Палач исполнил это не без страха.
— Посмотрите, — говорил Иоос, показывая свои белые ноги, — разве это раздвоенные копыта, как бывает у дьявола? Что до моей бледности, то разве среди вас нет таких же бледных, как и я? Я вижу троих таких. Не я грешник, а эта подлая ведьма и ее дочка, злая клеветница. Откуда деньги, которые она дала Гильберту, откуда эти червонцы? Не дьявол ли платил ей за то, что она обвиняет и предает смерти знатных и невинных людей. Это у них обеих надо спросить, кто задушил во дворе собаку, кто достал в стене колодца деньги, а потом бежал, оставив пустой дыру, конечно, чтоб скрыть где-нибудь в другом месте украденное золото. Вдова Сооткин мне не доверялась и не знала меня совсем, а им она верила и видела их каждый день. Это они похитили достояние императора.

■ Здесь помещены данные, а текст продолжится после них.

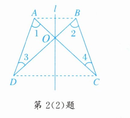 (2) 如图,$\triangle AOD$ 与 $\triangle BOC$ 关于直线 $l$ 对称. 下列结论中,正确的是
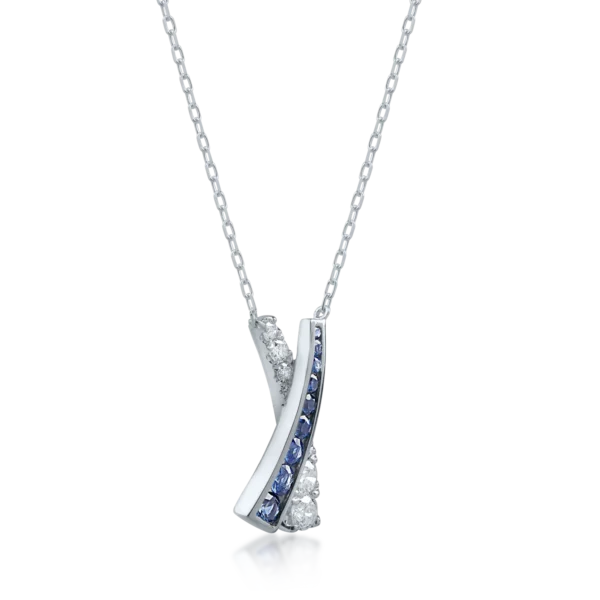 Lant cu pandantiv din aur alb cu safire de 0.43ct si diamante de 0.36ct
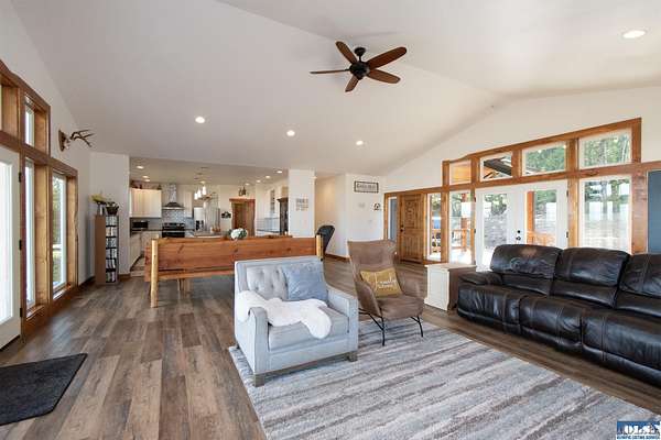 A rare opportunity to own 10 sun-drenched acres with commanding views of the Strait of Juan de Fuca and Canada, ideally situated between Port Angeles and Sequim within the Olympic Peninsula’s coveted sun belt. Thoughtfully configured as a cohesive and versatile property, this offering provides a harmonious balance of established living, future potential, and open land. A custom-built Craftsman residence anchors the homesite, introduced by a grand covered entry that reflects the quality and warmth found throughout the home. Inside, the interiors are light-filled and thoughtfully appointed. A wood-burning stove serves as a cozy focal point in the living area, complemented by a dedicated wood storage room—a practical and charming feature for Northwest living. The gourmet kitchen is designed to impress, featuring a substantial 10-foot island, a large walk-in pantry, abundant cabinetry, and expansive windows that frame the stunning water views. Generously proportioned living spaces continue throughout, including a spacious laundry room and a fully finished garage. The primary suite offers a peaceful retreat with serene water views, a luxurious soaking tub, and a walk-in shower. A generously sized crawlspace provides additional versatility, offering ample room for canning, hobby space, or extended storage. The 10-acre property presents excellent flexibility, with open land suitable for a future residence, barn, or hobby farm. The northern portion offers additional value as it may be sold separately, presenting a compelling opportunity for income generation or long-term investment while maintaining privacy and usability of the primary homesite. An established, portable vacation rental enjoys strong seasonal occupancy, creating excellent income potential or private guest accommodations. A dedicated RV hookup with septic, power, and water further enhances hosting opportunities. A year-round creek borders the western boundary, providing a peaceful natural setting perfect for camping under expansive night skies. With minimal light pollution, the property offers exceptional stargazing. Additional features include invisible dog fencing and a convenient exterior hot-water spigot—ideal for rinsing pets, gear, or equipment after outdoor adventures. Beautiful quilted maple figured live-edge wood trim adds a distinctive, custom touch, showcasing the craftsmanship throughout the home. With nearby backcountry access and endless opportunities for recreation, this exceptional property places you at the doorstep of Olympic National Park—with Port Angeles proudly known as the “Gateway to Olympic National Park.”
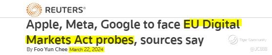 $Apple(AAPL)$ , $Meta Platforms, Inc.(META)$ and $Alphabet(GOOG)$ are rumoured to be investigated for potential violations of the European Union's Digital Markets Act (DMA).
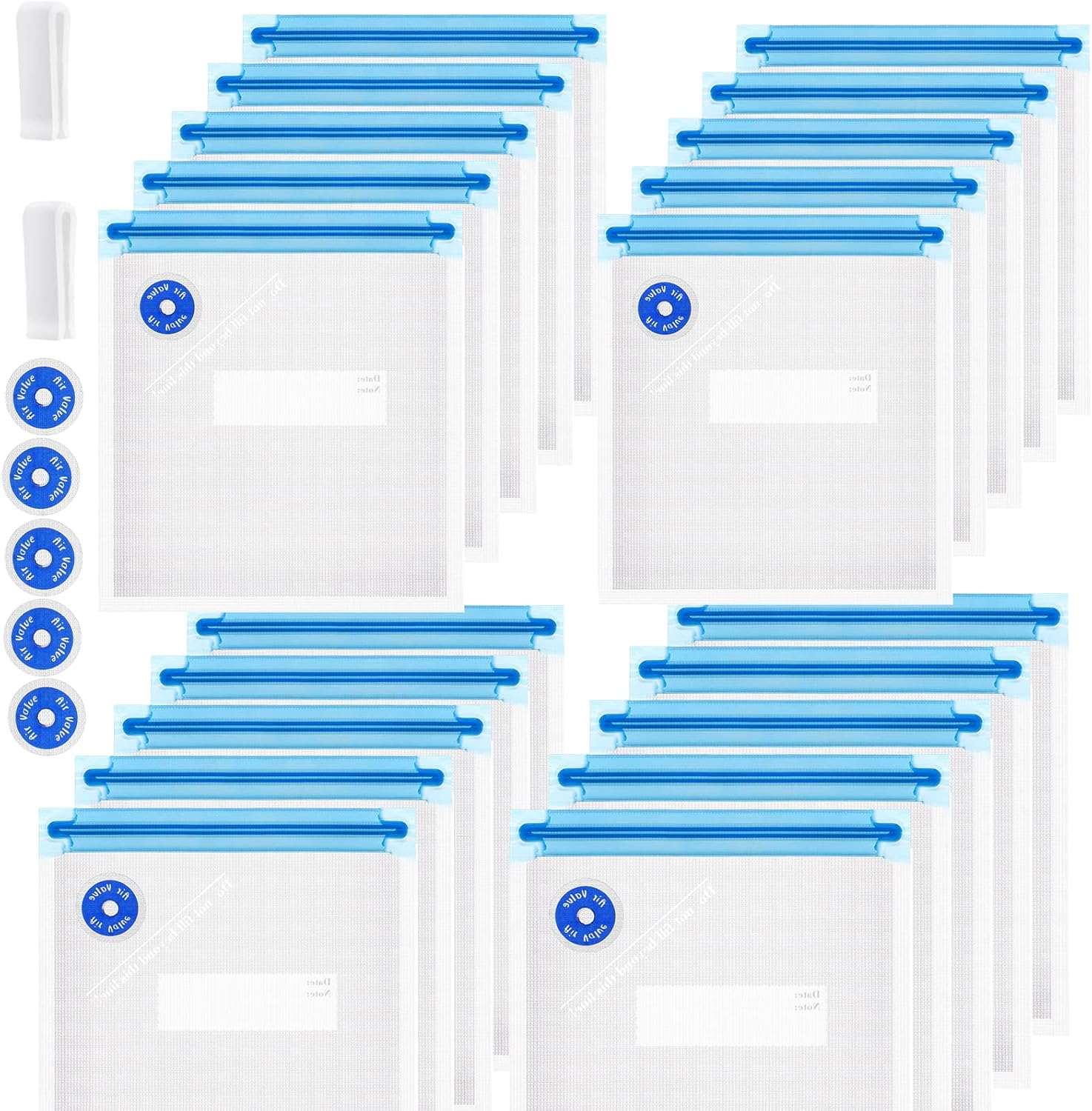 Sous Vide Bags Reusable 27Pcs, BPA Free Food Vacuum Sealer Bag, Food Storage Bag, Vacuum Zipper Bags for Sous Vide Cooking – 20Pcs Food Sealer Bag & 5 Air Valves & 2 Seal Clips (8.5X8.5 in) 1.4L
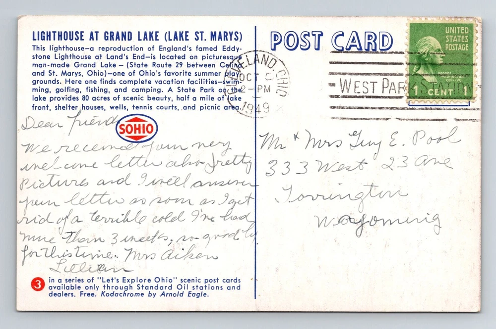 Lighthouse At Grand Lake, Scenic View, Vintage Postcard

Писарь записал, и судья сказал Катлине:
— Женщина, можешь ты что-нибудь сказать в свою защиту?
Катлина, смотря на Иооса Даммана, нежно сказала:
— Пора кричать орлу! У меня рука Гильберта, Ганс, дорогой мой. Они говорят, что ты вернешь мне семьсот червонцев. Уберите огонь, уберите огонь! — закричала она. — Пить! Пить! Голова горит. Господь с ангелами едят на небесах яблочки.
И она лишилась чувств.
— Отвяжите ее, — сказал судья.
Палач с помощниками развязали Катлину. И все видели, как она шатается на своих ногах, раздувшихся от того, что палач слишком сильно стянул их.
— Дайте ей напиться, — сказал судья.
Ей подали холодной воды, которую она жадно проглотила, стиснув стакан зубами, как держит кость собака, не выпуская ее. Затем ей дали еще воды, и она хотела было поднести ее Иоосу Дамману, но палач вырвал у ней из рук стакан. И она упала, уснув свинцовым сном.
— Я тоже хочу пить и спать! — яростно закричал Иоос Дамман. — Почему вы даете ей пить? Почему вы ей позволяете спать?
— Она слаба, она женщина, она безумна, — ответил судья.
— Ее безумие — притворство, — сказал Иоос Дамман, — она ведьма. Я хочу пить, я хочу спать!
И он закрыл глаза, но подручные палача стали бить его по лицу.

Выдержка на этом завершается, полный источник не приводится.